Exercise inputs.
____________________
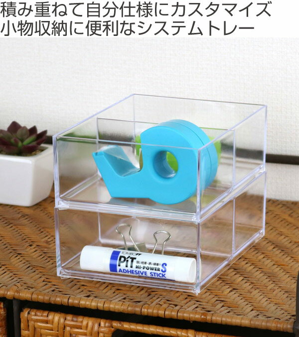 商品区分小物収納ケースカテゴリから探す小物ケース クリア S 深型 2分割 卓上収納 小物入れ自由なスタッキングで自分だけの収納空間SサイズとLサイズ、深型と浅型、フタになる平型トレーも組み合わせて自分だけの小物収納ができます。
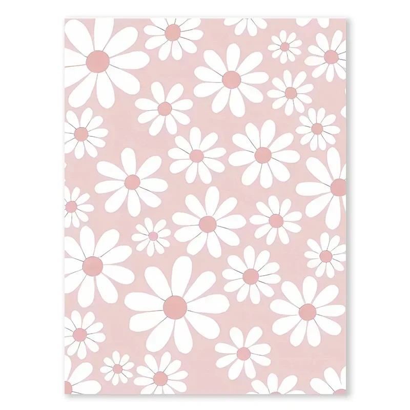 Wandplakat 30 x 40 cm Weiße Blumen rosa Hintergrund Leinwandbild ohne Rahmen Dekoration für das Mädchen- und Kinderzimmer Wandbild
____________________
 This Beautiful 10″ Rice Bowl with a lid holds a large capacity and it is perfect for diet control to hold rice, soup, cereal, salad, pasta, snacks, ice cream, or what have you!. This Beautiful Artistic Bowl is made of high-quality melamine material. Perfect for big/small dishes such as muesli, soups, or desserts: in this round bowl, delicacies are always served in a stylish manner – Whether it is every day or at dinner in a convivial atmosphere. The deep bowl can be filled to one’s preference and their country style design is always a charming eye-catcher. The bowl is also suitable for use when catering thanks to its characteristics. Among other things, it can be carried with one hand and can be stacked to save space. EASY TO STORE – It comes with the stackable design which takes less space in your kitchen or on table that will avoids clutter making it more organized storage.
____________________
Try it. Give back exactly the lines of the listing above from the one that contains "商品区分小物収納ケースカテゴリから探す小物ケース クリア S" up to and including the one that contains "Wandplakat 30 x", but not the pictures, and no other lines.

Exercise solution.
 商品区分小物収納ケースカテゴリから探す小物ケース クリア S 深型 2分割 卓上収納 小物入れ自由なスタッキングで自分だけの収納空間SサイズとLサイズ、深型と浅型、フタになる平型トレーも組み合わせて自分だけの小物収納ができます。
 Wandplakat 30 x 40 cm Weiße Blumen rosa Hintergrund Leinwandbild ohne Rahmen Dekoration für das Mädchen- und Kinderzimmer Wandbild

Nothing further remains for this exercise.